Poll results released Thursday indicate 40 percent of respondents say immigration should be maintained at its present level, while 35 percent said it should be decreased.
Twenty-three percent said they wanted to see immigration increased, the highest Gallup said it ever recorded.
The views expressed in this poll contrast with much of the previous decade, particularly after the 2001 terrorist attacks on U.S. soil, when nearly half indicated they preferred a decrease in immigration, and as few as 12 percent-to-18 percent said they wanted an increase, the Princeton, N.J., polling agency said
Among non-whites, blacks and Hispanics expressed similar preferences on immigration levels, as 67 percent of blacks and 68 percent of Hispanics said they favor maintaining or increasing immigration, Gallup said.
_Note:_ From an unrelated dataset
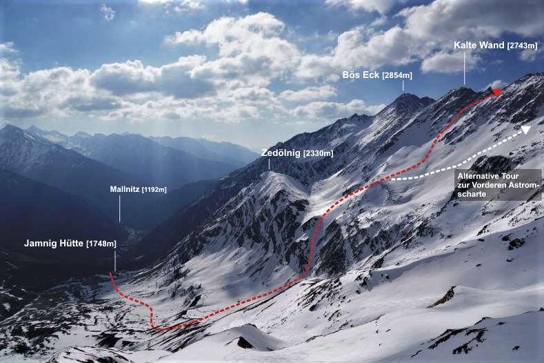 Schöne nordseitig ausgerichtete Tour, die vor allem im Frühjahr bei sicheren Firnverhältnissen zu empfehlen ist. Wie bei allen Touren im Mallnitzer Tauerntal lassen der hochgelegene Ausgangspunkt und seine gute Erreichbarkeit über die Straße noch Skitourenfreuden spät im Frühjahr zu. Die fürs Frühjahr günstige Exposition lässt den Schnee nicht so rasch auffirnen, wodurch man nicht in die Gefahr von Nassschnee Lawinen gerät. Je nach aktuellen Temperaturen und Schneeverhältnissen steht einem während der Tour auch ein etwas ostseitigeres Tourenziel als Alternative zur Verfügung: die vordere Astromscharte!

Results are based on nationwide telephone interviews with 4,373 adults conducted June 13-July 5, including oversamples of black and Hispanic adults. The margin of error for the overall survey is 2 percentage points.
For results based on the sample of 2,149 non-Hispanic whites, the margin of error is 3 percentage points.
For results based on the sample of 1,010 non-Hispanic blacks, the margin of error is 5 percentage points.
For results based on the sample of 1,000 Hispanics, the margin of error is 6 percentage points.